Interventions: Clarithromycin 500 mg twice daily, rifabutin 300–450 mg daily, the combination of the two or no MAC prophylaxis.

Main outcome measurement: Laboratory-confirmed cryptosporidiosis. Subjects were analyzed in an intent-to-treat and as-treated manner using time-to-event analyses (Cox proportional hazards models).

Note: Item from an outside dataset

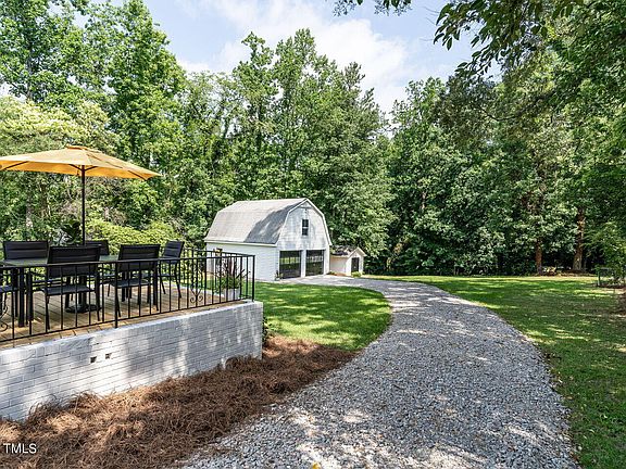 Gem of All Gems!!! Experience gorgeous one-level living in this stunning 3-bedroom, 3-full-bath ranch home, nestled on a quiet, mature, and peaceful .80-acre fenced lot. Beautiful solid hardwood floors throughout add warmth and character, complementing the inviting soft color palette. The modern kitchen features granite countertops, a designer tile backsplash, new stainless steel appliances, and ample cabinets, including a walk-in pantry. Ideal for entertaining, the spacious layout includes a large island, dining area, and family room. The primary bedroom boasts a cozy fireplace and abundant natural light. All bathrooms are fully updated, with walk-in showers and a hall bath that includes a bathtub/shower combo. Step onto the oversized deck overlooking the backyard, creating an amazing outdoor retreat perfect for gatherings, grilling, gardening, playing ball, or simply unwinding after a long day. An incredible detached garage includes work/office space above, perfect for a workout room, office, or yoga studio. A second shed provides plenty of space for tools, lawn equipment, and extra storage. Enjoy all this while having access to everything Raleigh has to offer.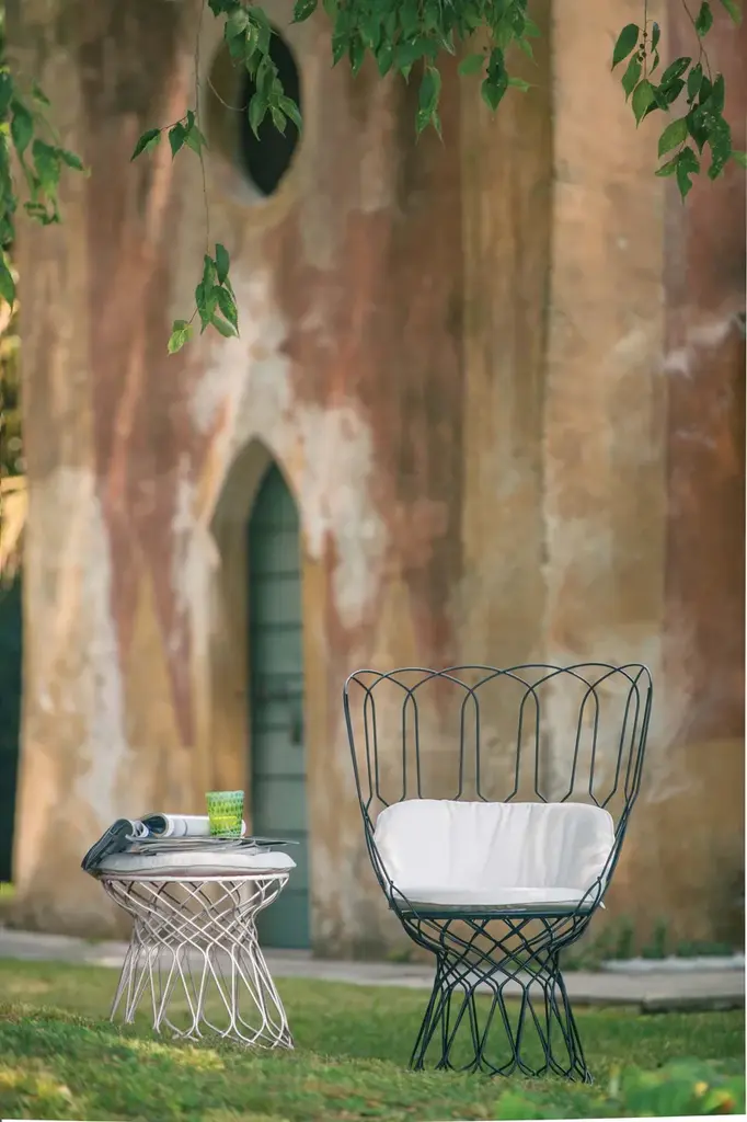 The Re-Trouvé collection originates in traditional forms rediscovered and reinterpreted with cleverness and originality by Patricia Urquiola. Re-Trouvé furniture conveys elegance and character in both classic contexts and contemporary settings. Geometric designs consisting of repeated diamond-shaped patterns create unusual and charming forms. Re-Trouvé blends naturally in every outdoor setting.

Results: The median length of follow up was 463 days. The median CD4 count at entry was 29 × 106 cell/l (range 0–182). There were 60 cases of cryptosporidiosis during the prospective observational period, with an event rate of 2.2 per 100 person-years. In the intent-to-treat [relative risk (RR) 0.50; 95% confidence interval (CI) 0.26–0.96;P = 0.04] and as-treated (RR 0.42; 95% CI 0.20–0.91;P = 0.03) analyses, rifabutin alone was significantly associated with a lower rate of cryptosporidiosis. Clarithromycin alone was not protective in similar analyses (P = 0.98 and 0.90, respectively).

Conclusions: In doses used to prevent MAC infection, rifabutin but not clarithromycin decreases the risk of developing cryptosporidiosis in persons with advanced HIV infection who are not receiving potent combination antiretroviral therapy.

© 2000 Lippincott Williams & Wilkins, Inc.